▶ About this exercise:
Could the data below be printed out exactly, with the pictures left out?

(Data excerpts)
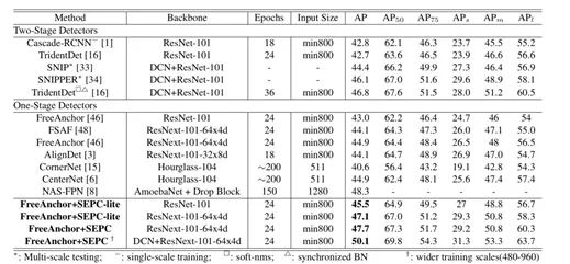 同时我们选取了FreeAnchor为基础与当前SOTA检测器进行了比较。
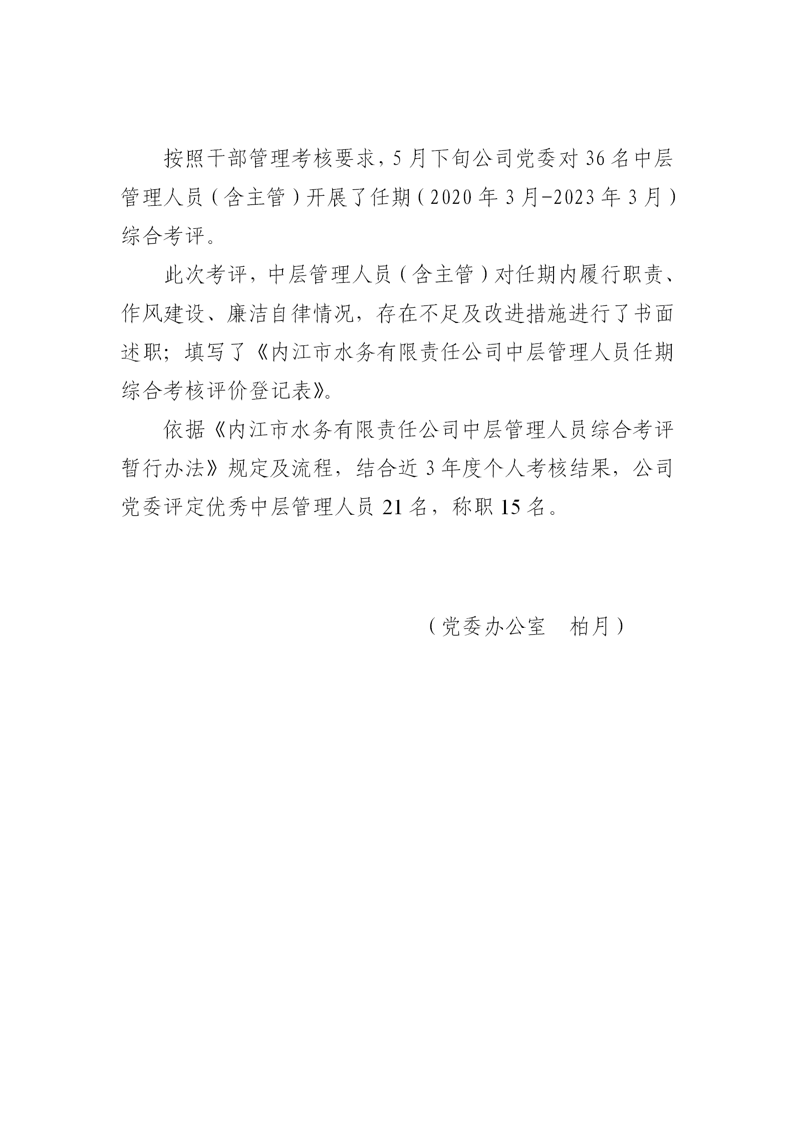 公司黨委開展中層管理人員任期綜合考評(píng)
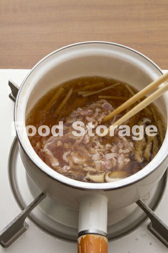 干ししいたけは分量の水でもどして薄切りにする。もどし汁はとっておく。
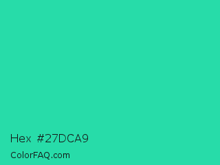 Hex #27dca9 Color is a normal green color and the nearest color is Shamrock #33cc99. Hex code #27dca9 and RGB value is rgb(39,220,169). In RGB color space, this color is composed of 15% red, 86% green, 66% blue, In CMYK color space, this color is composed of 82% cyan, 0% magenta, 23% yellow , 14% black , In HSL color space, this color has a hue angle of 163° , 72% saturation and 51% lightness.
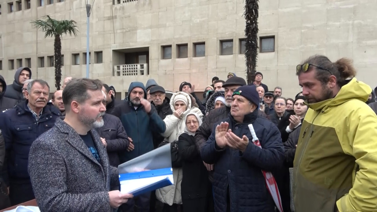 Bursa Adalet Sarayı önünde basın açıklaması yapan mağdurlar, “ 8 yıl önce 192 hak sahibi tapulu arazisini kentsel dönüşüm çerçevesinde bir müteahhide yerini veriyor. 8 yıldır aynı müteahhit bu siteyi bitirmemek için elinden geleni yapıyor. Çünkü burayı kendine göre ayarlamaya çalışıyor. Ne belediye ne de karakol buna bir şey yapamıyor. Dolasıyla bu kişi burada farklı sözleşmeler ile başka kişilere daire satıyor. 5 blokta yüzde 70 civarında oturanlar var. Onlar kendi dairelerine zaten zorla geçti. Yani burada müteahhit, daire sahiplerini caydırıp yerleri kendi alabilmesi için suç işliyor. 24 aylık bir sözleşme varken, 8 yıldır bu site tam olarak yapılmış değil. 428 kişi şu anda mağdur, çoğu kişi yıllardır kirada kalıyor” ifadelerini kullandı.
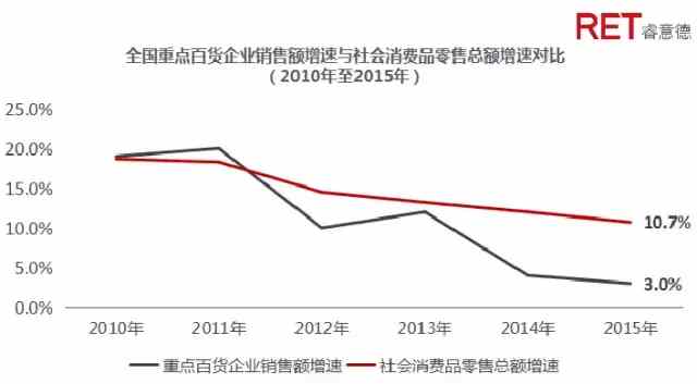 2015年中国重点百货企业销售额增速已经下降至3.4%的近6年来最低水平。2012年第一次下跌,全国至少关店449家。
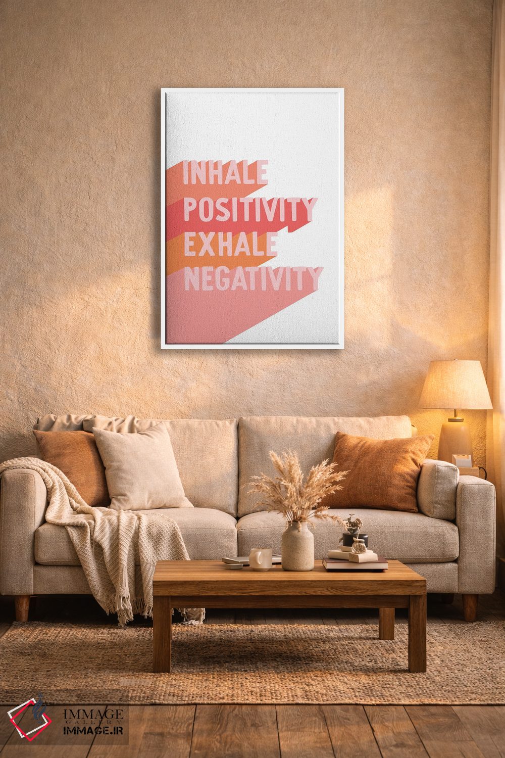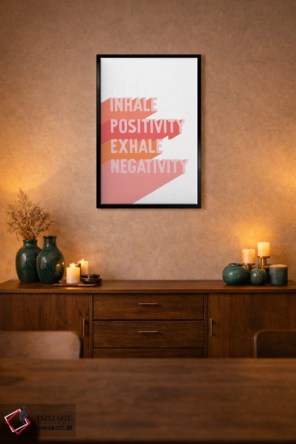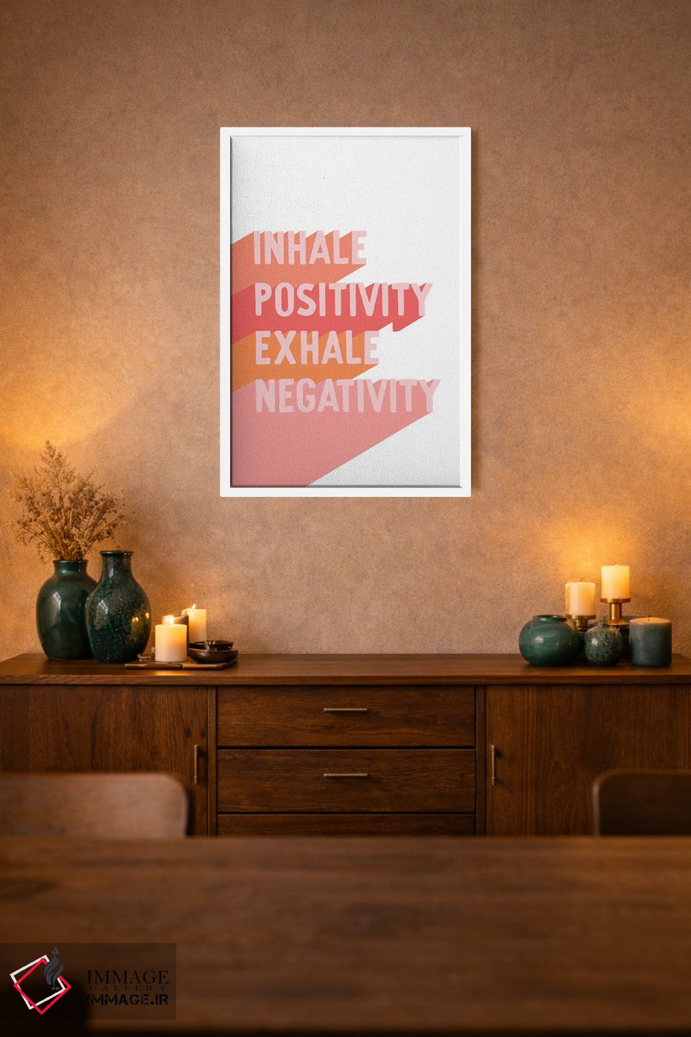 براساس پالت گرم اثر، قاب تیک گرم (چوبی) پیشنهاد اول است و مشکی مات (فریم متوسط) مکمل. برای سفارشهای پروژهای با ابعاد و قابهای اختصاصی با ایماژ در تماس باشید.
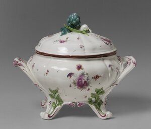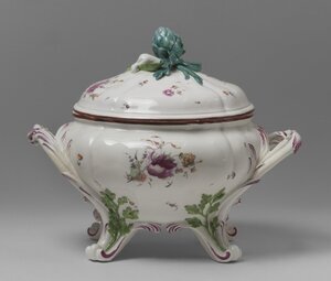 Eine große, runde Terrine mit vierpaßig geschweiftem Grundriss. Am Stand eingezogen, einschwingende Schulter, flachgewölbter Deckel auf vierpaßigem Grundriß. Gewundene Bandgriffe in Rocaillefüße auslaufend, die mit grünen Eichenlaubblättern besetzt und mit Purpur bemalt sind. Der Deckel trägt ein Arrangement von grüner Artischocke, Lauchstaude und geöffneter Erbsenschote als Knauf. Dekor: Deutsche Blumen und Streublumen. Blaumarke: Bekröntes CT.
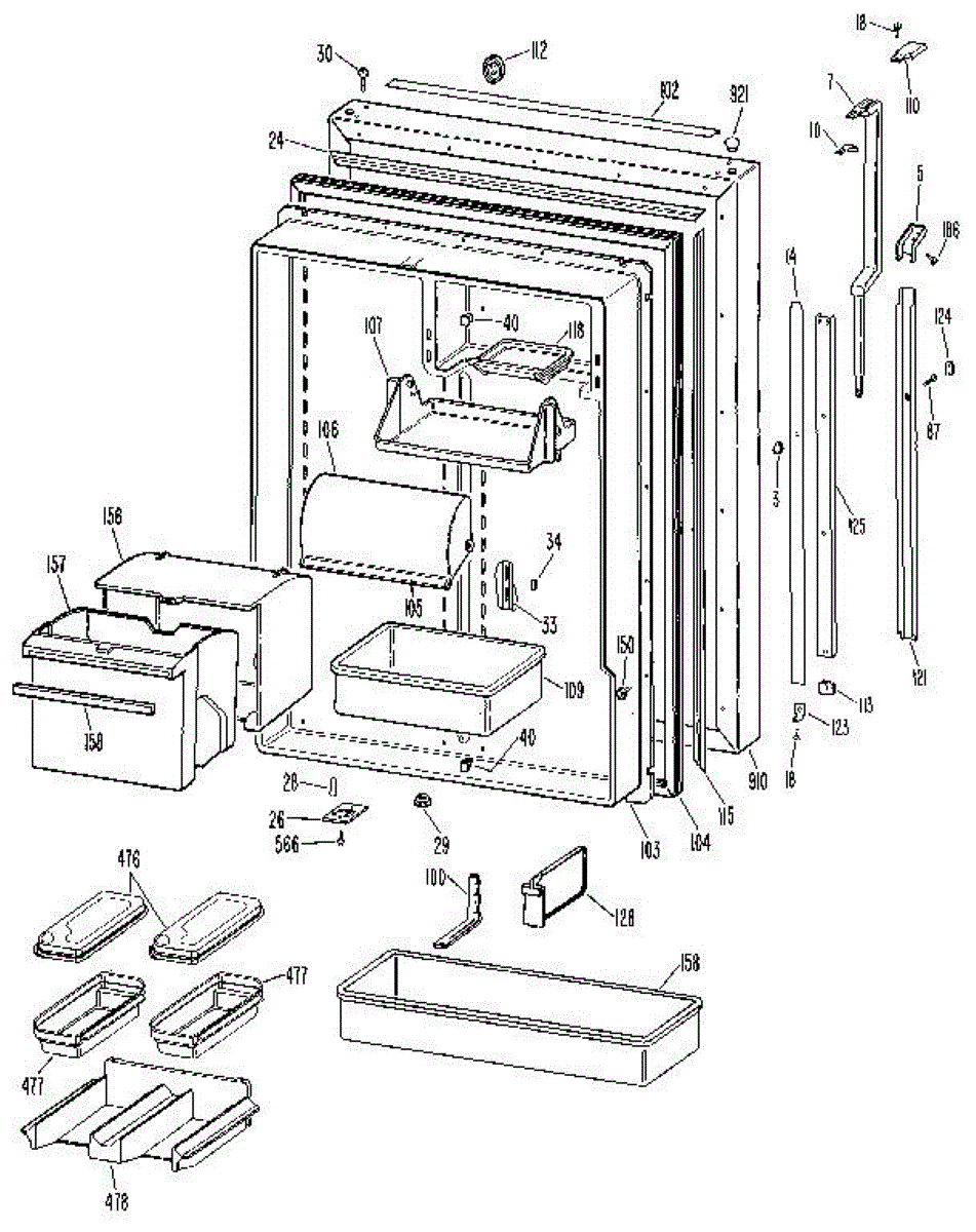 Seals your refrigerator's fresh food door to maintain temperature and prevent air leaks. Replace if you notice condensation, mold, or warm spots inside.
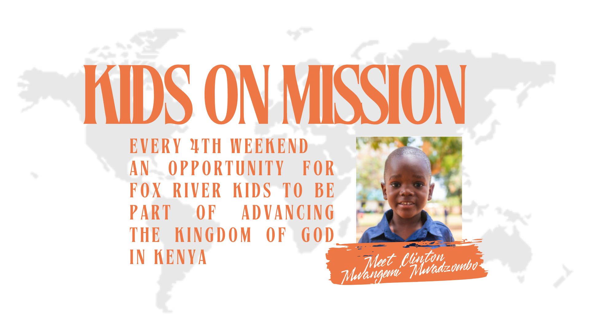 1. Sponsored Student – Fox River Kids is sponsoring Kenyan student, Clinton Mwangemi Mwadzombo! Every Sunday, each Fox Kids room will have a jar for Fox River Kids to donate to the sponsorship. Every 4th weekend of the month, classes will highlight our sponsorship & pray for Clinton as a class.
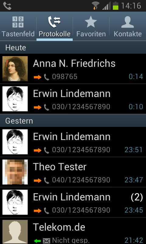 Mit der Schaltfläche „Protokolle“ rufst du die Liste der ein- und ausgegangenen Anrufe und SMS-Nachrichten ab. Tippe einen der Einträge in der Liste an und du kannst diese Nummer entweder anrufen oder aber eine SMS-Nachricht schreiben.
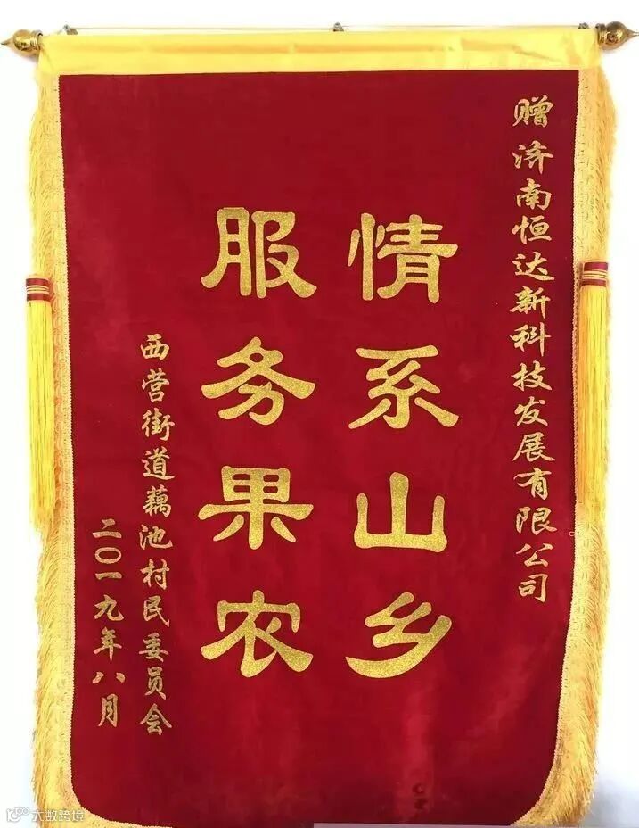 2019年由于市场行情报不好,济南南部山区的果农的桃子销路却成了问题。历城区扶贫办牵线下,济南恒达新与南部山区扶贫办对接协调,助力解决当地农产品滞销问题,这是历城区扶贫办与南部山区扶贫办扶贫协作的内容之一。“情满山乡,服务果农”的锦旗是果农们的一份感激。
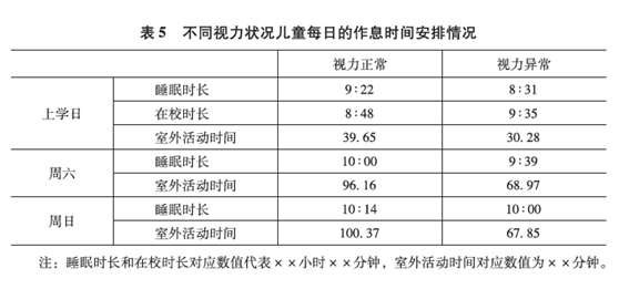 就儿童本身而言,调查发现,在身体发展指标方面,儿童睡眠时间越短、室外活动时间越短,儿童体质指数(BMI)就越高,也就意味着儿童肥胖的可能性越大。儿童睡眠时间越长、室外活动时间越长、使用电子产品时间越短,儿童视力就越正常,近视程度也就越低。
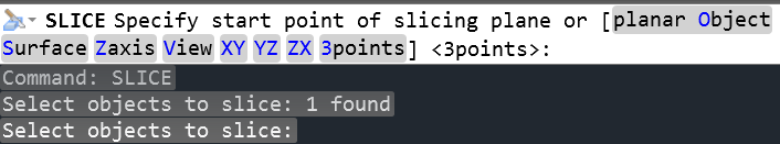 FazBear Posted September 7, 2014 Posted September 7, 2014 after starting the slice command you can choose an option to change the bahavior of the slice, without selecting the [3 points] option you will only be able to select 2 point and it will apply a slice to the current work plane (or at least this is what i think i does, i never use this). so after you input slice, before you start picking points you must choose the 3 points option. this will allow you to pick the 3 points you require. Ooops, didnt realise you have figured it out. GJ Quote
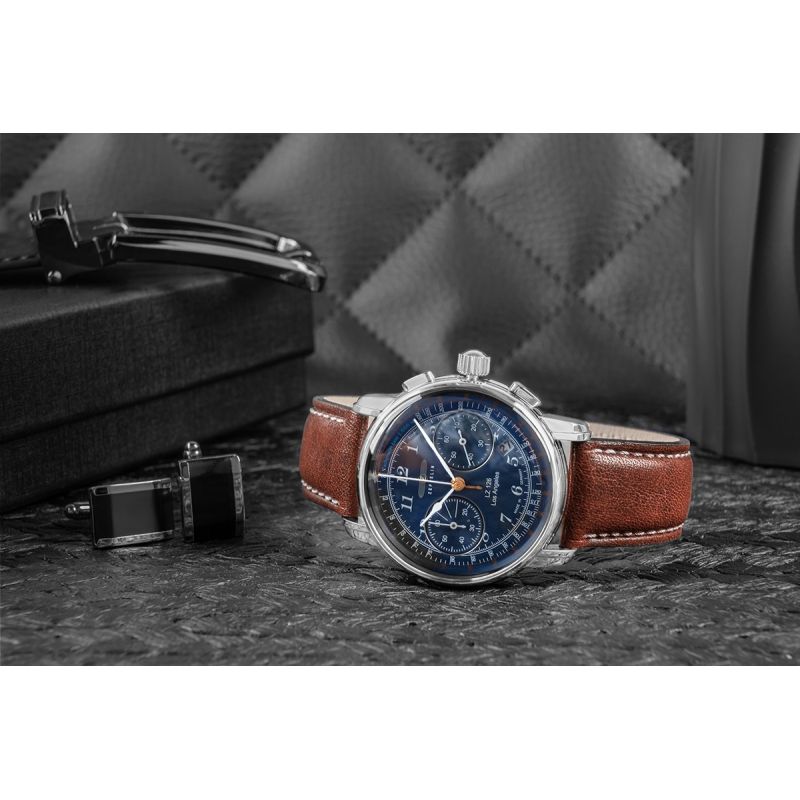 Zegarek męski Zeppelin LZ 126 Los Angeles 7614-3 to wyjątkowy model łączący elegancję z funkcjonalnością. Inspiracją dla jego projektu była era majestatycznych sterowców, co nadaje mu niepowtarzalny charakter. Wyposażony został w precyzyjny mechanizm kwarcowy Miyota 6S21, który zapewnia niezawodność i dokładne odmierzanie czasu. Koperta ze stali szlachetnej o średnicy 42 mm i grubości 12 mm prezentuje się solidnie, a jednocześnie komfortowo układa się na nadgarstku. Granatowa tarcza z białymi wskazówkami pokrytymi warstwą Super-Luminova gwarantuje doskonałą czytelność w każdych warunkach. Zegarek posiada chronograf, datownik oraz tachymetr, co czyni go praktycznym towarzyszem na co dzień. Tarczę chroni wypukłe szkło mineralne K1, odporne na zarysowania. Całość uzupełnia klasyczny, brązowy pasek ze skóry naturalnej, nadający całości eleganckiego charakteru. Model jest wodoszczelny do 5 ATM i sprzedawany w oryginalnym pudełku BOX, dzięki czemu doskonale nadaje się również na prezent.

▶ Solution to the exercise:
 同时我们选取了FreeAnchor为基础与当前SOTA检测器进行了比较。
 公司黨委開展中層管理人員任期綜合考評(píng)
 干ししいたけは分量の水でもどして薄切りにする。もどし汁はとっておく。
 Hex #27dca9 Color is a normal green color and the nearest color is Shamrock #33cc99. Hex code #27dca9 and RGB value is rgb(39,220,169). In RGB color space, this color is composed of 15% red, 86% green, 66% blue, In CMYK color space, this color is composed of 82% cyan, 0% magenta, 23% yellow , 14% black , In HSL color space, this color has a hue angle of 163° , 72% saturation and 51% lightness.
 Bursa Adalet Sarayı önünde basın açıklaması yapan mağdurlar, “ 8 yıl önce 192 hak sahibi tapulu arazisini kentsel dönüşüm çerçevesinde bir müteahhide yerini veriyor. 8 yıldır aynı müteahhit bu siteyi bitirmemek için elinden geleni yapıyor. Çünkü burayı kendine göre ayarlamaya çalışıyor. Ne belediye ne de karakol buna bir şey yapamıyor. Dolasıyla bu kişi burada farklı sözleşmeler ile başka kişilere daire satıyor. 5 blokta yüzde 70 civarında oturanlar var. Onlar kendi dairelerine zaten zorla geçti. Yani burada müteahhit, daire sahiplerini caydırıp yerleri kendi alabilmesi için suç işliyor. 24 aylık bir sözleşme varken, 8 yıldır bu site tam olarak yapılmış değil. 428 kişi şu anda mağdur, çoğu kişi yıllardır kirada kalıyor” ifadelerini kullandı.
 2015年中国重点百货企业销售额增速已经下降至3.4%的近6年来最低水平。2012年第一次下跌,全国至少关店449家。
 براساس پالت گرم اثر، قاب تیک گرم (چوبی) پیشنهاد اول است و مشکی مات (فریم متوسط) مکمل. برای سفارشهای پروژهای با ابعاد و قابهای اختصاصی با ایماژ در تماس باشید.
 Eine große, runde Terrine mit vierpaßig geschweiftem Grundriss. Am Stand eingezogen, einschwingende Schulter, flachgewölbter Deckel auf vierpaßigem Grundriß. Gewundene Bandgriffe in Rocaillefüße auslaufend, die mit grünen Eichenlaubblättern besetzt und mit Purpur bemalt sind. Der Deckel trägt ein Arrangement von grüner Artischocke, Lauchstaude und geöffneter Erbsenschote als Knauf. Dekor: Deutsche Blumen und Streublumen. Blaumarke: Bekröntes CT.
 Seals your refrigerator's fresh food door to maintain temperature and prevent air leaks. Replace if you notice condensation, mold, or warm spots inside.
 1. Sponsored Student – Fox River Kids is sponsoring Kenyan student, Clinton Mwangemi Mwadzombo! Every Sunday, each Fox Kids room will have a jar for Fox River Kids to donate to the sponsorship. Every 4th weekend of the month, classes will highlight our sponsorship & pray for Clinton as a class.
 Mit der Schaltfläche „Protokolle“ rufst du die Liste der ein- und ausgegangenen Anrufe und SMS-Nachrichten ab. Tippe einen der Einträge in der Liste an und du kannst diese Nummer entweder anrufen oder aber eine SMS-Nachricht schreiben.
 2019年由于市场行情报不好,济南南部山区的果农的桃子销路却成了问题。历城区扶贫办牵线下,济南恒达新与南部山区扶贫办对接协调,助力解决当地农产品滞销问题,这是历城区扶贫办与南部山区扶贫办扶贫协作的内容之一。“情满山乡,服务果农”的锦旗是果农们的一份感激。
 就儿童本身而言,调查发现,在身体发展指标方面,儿童睡眠时间越短、室外活动时间越短,儿童体质指数(BMI)就越高,也就意味着儿童肥胖的可能性越大。儿童睡眠时间越长、室外活动时间越长、使用电子产品时间越短,儿童视力就越正常,近视程度也就越低。
 FazBear Posted September 7, 2014 Posted September 7, 2014 after starting the slice command you can choose an option to change the bahavior of the slice, without selecting the [3 points] option you will only be able to select 2 point and it will apply a slice to the current work plane (or at least this is what i think i does, i never use this). so after you input slice, before you start picking points you must choose the 3 points option. this will allow you to pick the 3 points you require. Ooops, didnt realise you have figured it out. GJ Quote
 Zegarek męski Zeppelin LZ 126 Los Angeles 7614-3 to wyjątkowy model łączący elegancję z funkcjonalnością. Inspiracją dla jego projektu była era majestatycznych sterowców, co nadaje mu niepowtarzalny charakter. Wyposażony został w precyzyjny mechanizm kwarcowy Miyota 6S21, który zapewnia niezawodność i dokładne odmierzanie czasu. Koperta ze stali szlachetnej o średnicy 42 mm i grubości 12 mm prezentuje się solidnie, a jednocześnie komfortowo układa się na nadgarstku. Granatowa tarcza z białymi wskazówkami pokrytymi warstwą Super-Luminova gwarantuje doskonałą czytelność w każdych warunkach. Zegarek posiada chronograf, datownik oraz tachymetr, co czyni go praktycznym towarzyszem na co dzień. Tarczę chroni wypukłe szkło mineralne K1, odporne na zarysowania. Całość uzupełnia klasyczny, brązowy pasek ze skóry naturalnej, nadający całości eleganckiego charakteru. Model jest wodoszczelny do 5 ATM i sprzedawany w oryginalnym pudełku BOX, dzięki czemu doskonale nadaje się również na prezent.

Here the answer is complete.